At each stop grateful recipients signed their name on a poster that was covered with the names of hundreds of survivors by the time the caravan pulled into Tokyo for its final stop in February 2012.

Matsu was 36 at the time. A decade later he poignantly recalls a conversation with one elderly victim.

“I now understand how tea is totally different from water,” he said.

Matsu: One of them told me so. She said that she drank lots of water in the evacuation places. ‘Since the tsunami days I survived, water is essential to life, but today when I drank tea with you, I felt a totally different feeling than drinking water. Just sitting next to you,’ she said, ‘I drank the tea and the tea absorbed [entered] my heart. So, I can live with water, but with tea I can open my heart to you, and I can tell this story to you.’ “

“That’s why tea and water are totally different,” she said.

“That story changed me,” said Matsu, now 47.

“I now know the difference between tea and water. My perception is totally different,” he said. Among the many encounters he recalls, “that conversation had the largest impact on me during the caravan,” he said.

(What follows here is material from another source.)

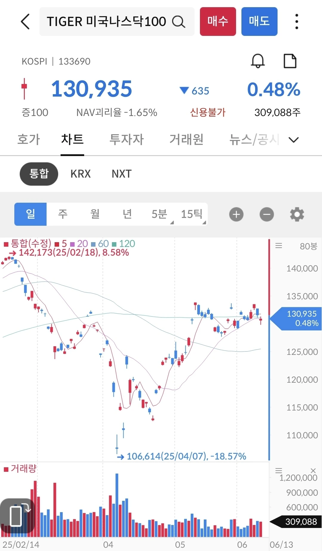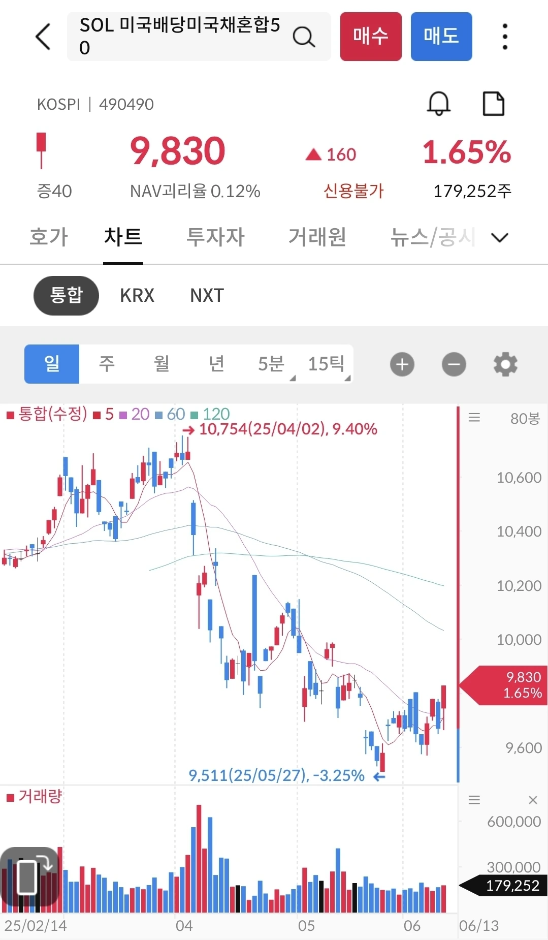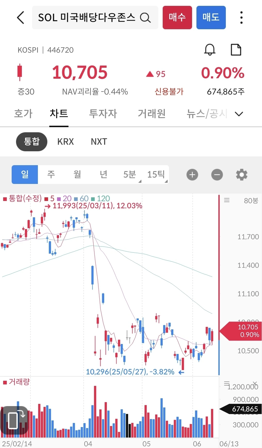 지난 해 9월에 만원으로 상장한 상품이 9500원대까지 떨어졌다가 만원 아래에서 등락을 반복 중이다. 미국채가 가격이 많이 떨어졌기 때문이다. 미국채는 아직도 안전자산이라고 생각하고 있고, 앞으로도 안전자산이다. 일단 지켜 보자.

“I now believe more in the power of tea.”

Epilogue

The group spent its last night in Minami-Ashigara before stopping in Tokyo to hold one last tea event “to share our love and hope with the victims in the area,” says Matsu who kept a digital journal from those days. In researching this post I discovered an archived tweet or two.

When I last interviewed him in 2012, Matsu told me that tea is restorative, that it brings relief in difficult times. I now see how he gained this wisdom by serving a thousand cups for a few weeks during a dreary winter as he listened to the venting of the sorrowful stories of those who survived.

A decade has passed and those who survived still live with the ghosts and grief of losing so much on a single day in a single hour. In these trying times I am certain they continue to turn to tea for solace and warmth.

“Tea is relief,” Matsu explained. Sharing a cup of warm tea is sufficient in crisis. Nothing more needs to be done.

Matsu and some of the Tea Relief Caravan volunteers. Elyse Petersen, center, shared these photos.